Антон Казанцев – Позывной Акация: записки военного хирурга (страница 6)
Его «конурой» оказался такой же блиндаж, как и мой, только более обжитый. На столе из ящиков – газовая горелка, чайник, две жестяные кружки.
Так началась наша работа. И наше странное товарищество. Два аса, каждый – мастер в своём деле, вынужденные стать двумя половинками одного хирургического организма. Он – структура, опора, кость. Я – течение, жизнь, сосуд. Мы редко говорили о прошлом. Оно было у каждого своё, и мы оба понимали, что здесь, под землёй, оно не имеет значения. Здесь есть только сейчас, только эта рана, этот пациент, этот шов.
И была его дурацкая привычка – щекотать меня. Нарушать моё пространство. Впервые он сделал это после тяжёлой многочасовой операции, когда я, обессиленный, стоял, прислонившись к прохладной земляной стене, и тщетно пытался отогнать от себя образы искалеченных тел.
– Что уставился в пустоту? – подошёл он. – Думаешь, мог бы лучше?
Я кивнул, не в силах говорить.
– Не мог, – отрезал он. И вдруг его пальцы впились мне в бок.
Я аж подпрыгнул от неожиданности и дикого, животного раздражения.
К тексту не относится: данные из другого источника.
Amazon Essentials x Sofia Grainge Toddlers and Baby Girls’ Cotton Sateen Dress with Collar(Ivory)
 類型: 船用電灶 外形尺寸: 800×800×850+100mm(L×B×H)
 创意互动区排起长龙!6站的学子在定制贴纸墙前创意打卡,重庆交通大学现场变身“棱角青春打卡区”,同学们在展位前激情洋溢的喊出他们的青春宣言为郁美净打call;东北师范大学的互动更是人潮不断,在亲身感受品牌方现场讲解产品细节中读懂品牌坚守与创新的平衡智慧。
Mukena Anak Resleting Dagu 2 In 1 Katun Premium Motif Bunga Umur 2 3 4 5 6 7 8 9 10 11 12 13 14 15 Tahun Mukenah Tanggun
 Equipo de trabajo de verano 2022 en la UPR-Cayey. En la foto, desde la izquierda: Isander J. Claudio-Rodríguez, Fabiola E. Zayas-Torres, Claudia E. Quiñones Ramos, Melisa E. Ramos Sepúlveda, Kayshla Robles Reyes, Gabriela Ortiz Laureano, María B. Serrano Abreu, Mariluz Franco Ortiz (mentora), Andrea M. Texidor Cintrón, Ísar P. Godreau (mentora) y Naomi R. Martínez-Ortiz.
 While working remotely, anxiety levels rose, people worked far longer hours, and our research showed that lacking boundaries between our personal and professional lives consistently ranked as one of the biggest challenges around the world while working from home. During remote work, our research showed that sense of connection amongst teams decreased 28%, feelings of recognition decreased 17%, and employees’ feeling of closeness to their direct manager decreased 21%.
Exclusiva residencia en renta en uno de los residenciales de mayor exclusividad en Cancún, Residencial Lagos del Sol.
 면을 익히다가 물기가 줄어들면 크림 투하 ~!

– Да что ты делаешь?! Прекрати!
– Вот, ожил, – он усмехнулся. – А то был как памятник самому себе. Идём, суп холодный стоит.
Мне это жутко не нравилось. Я всегда ценил дистанцию. В медицине, в жизни. А он её грубо и постоянно нарушал. Но странное дело – в этом подземном аду, где личное пространство сжималось до размеров блиндажа, его вторжения… возвращали ощущение чего-то человеческого. Глупого, раздражающего, но живого.
Блиндажные вечера
Жили мы, действительно, в блиндажах. Не в палатках. Каждый – в своём, вырытом в плотном суглинке, укреплённом брёвнами и накатом из бревен. Внутри – железная койка, печка-буржуйка, стол да пара ящиков. Сыро, холодно зимой, душно летом. Но – безопасно. Сверху – метр земли и сосны.
Вечерами, если не было срочных операций, мы собирались у кого-нибудь. Чаще – у Табиба. Он умел доставать странные вещи: то настоящий кофе в зёрнах, то плитку шоколада, то книгу в потрёпанном переплёте.
Иногда мы спорили. О методах, о подходах. У нас были разные школы, разные учителя. Он был сторонником жёсткой, агрессивной стабилизации – пластины, стержни, немедленная нагрузка. Я предпочитал более осторожную тактику, особенно когда дело касалось комбинированных травм с сосудистым компонентом.
– Ты его заковываешь в сталь, а кровоток не восстановлен до конца! – горячился я однажды после сложного случая.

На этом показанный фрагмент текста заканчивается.